• **AIM OF THE EXERCISE**
The answer must consist only of the lines in the records below from the line with "Картридж Cactus CS-EPT0731" to the line with "12月12日,教育部语言文字", both included, copied word for word with every picture left out.

• **INPUT RECORDS**
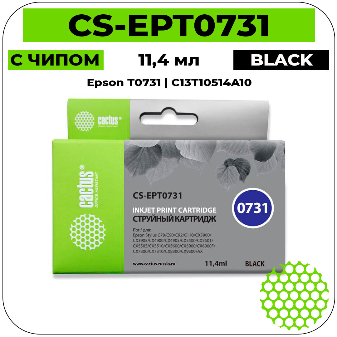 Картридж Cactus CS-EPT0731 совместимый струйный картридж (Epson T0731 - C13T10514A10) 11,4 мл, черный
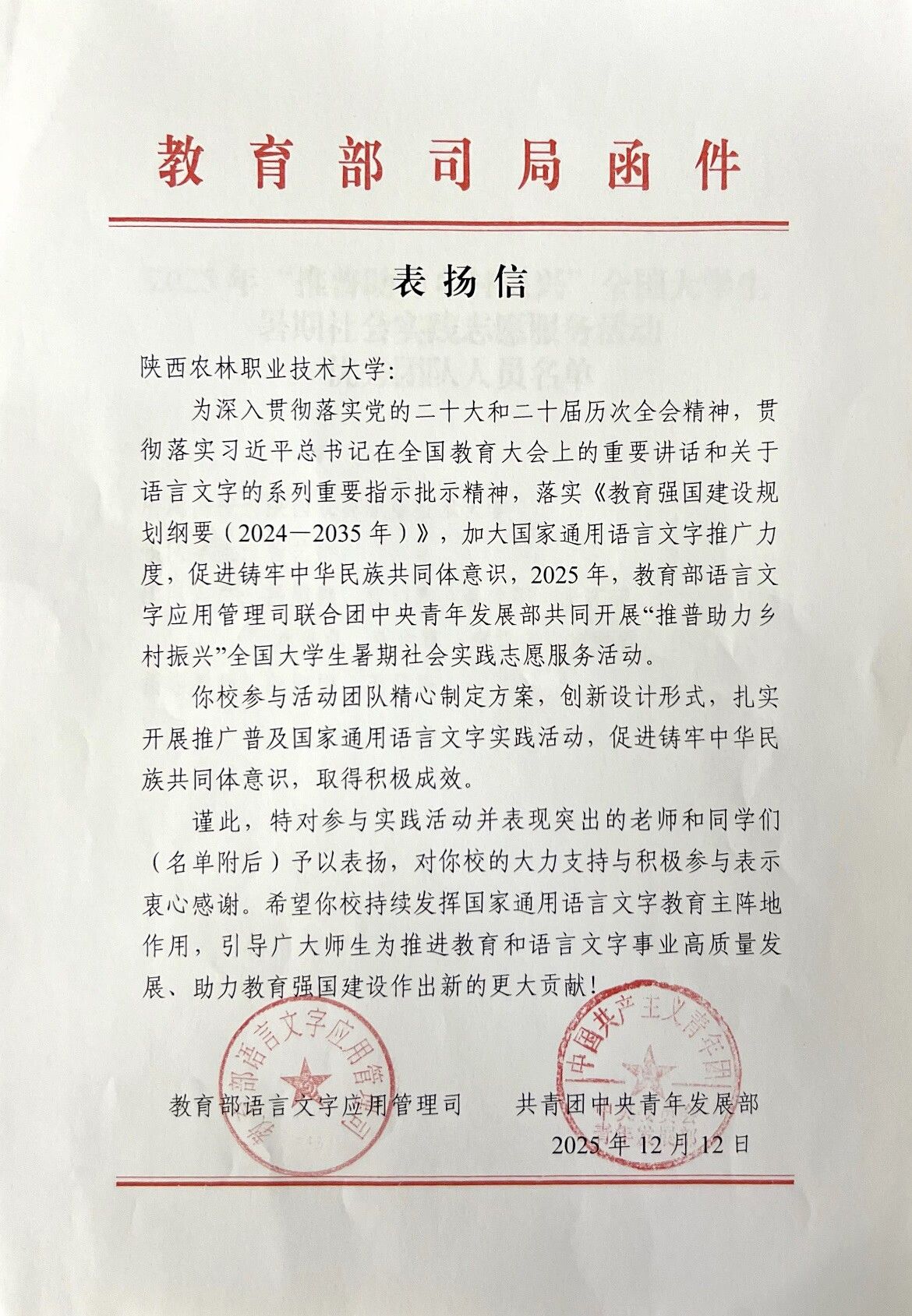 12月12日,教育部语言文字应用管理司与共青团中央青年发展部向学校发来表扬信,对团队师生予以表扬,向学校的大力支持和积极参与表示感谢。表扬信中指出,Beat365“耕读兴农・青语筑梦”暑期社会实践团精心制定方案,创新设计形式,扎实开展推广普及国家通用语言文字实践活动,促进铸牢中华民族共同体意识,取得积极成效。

==

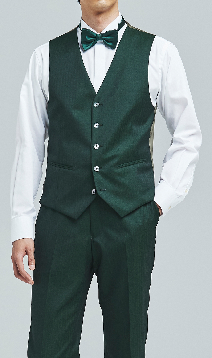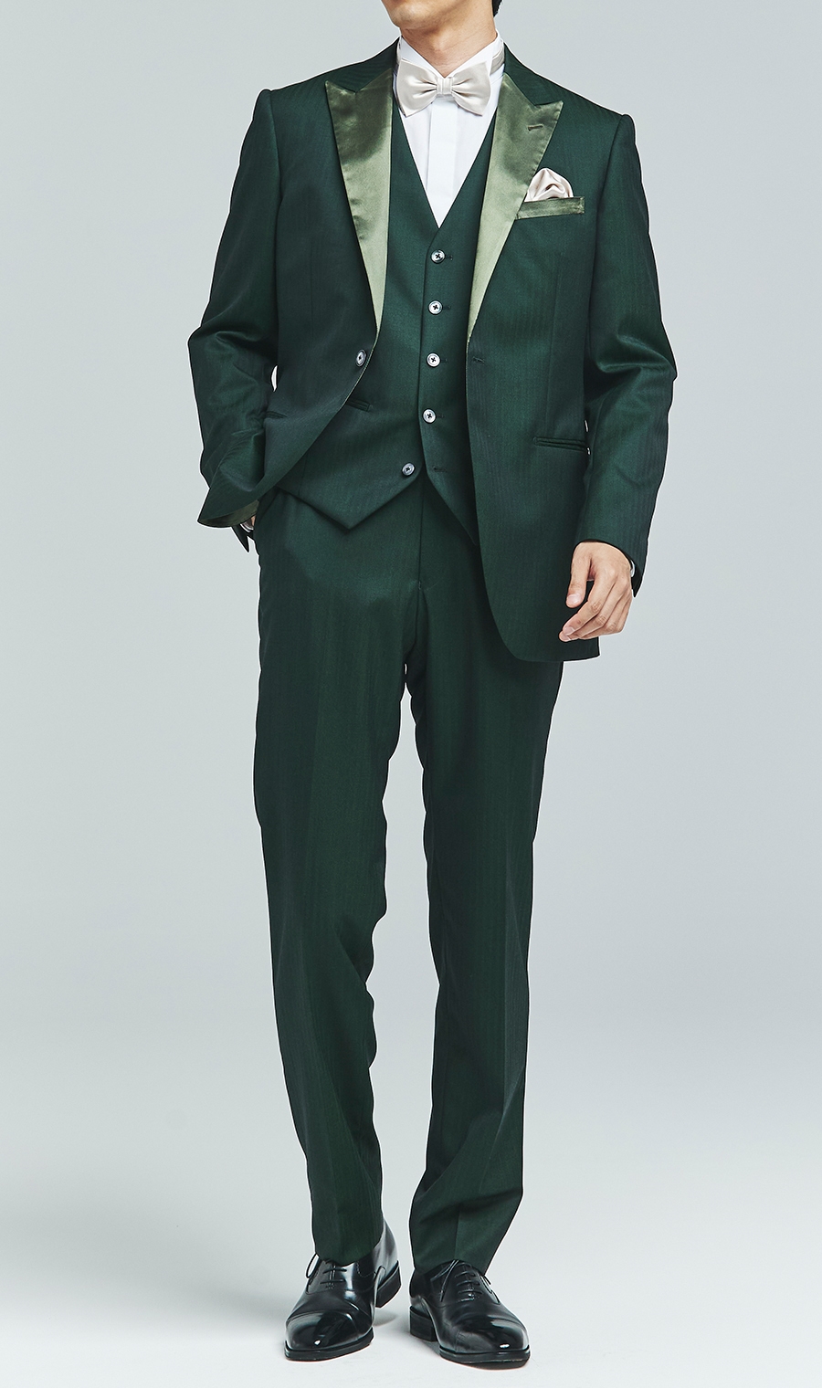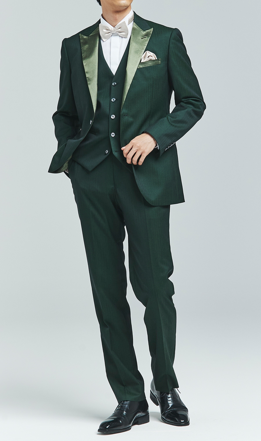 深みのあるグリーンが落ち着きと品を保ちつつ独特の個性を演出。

• **RESULT FOR THIS TASK**
 Картридж Cactus CS-EPT0731 совместимый струйный картридж (Epson T0731 - C13T10514A10) 11,4 мл, черный
 12月12日,教育部语言文字应用管理司与共青团中央青年发展部向学校发来表扬信,对团队师生予以表扬,向学校的大力支持和积极参与表示感谢。表扬信中指出,Beat365“耕读兴农・青语筑梦”暑期社会实践团精心制定方案,创新设计形式,扎实开展推广普及国家通用语言文字实践活动,促进铸牢中华民族共同体意识,取得积极成效。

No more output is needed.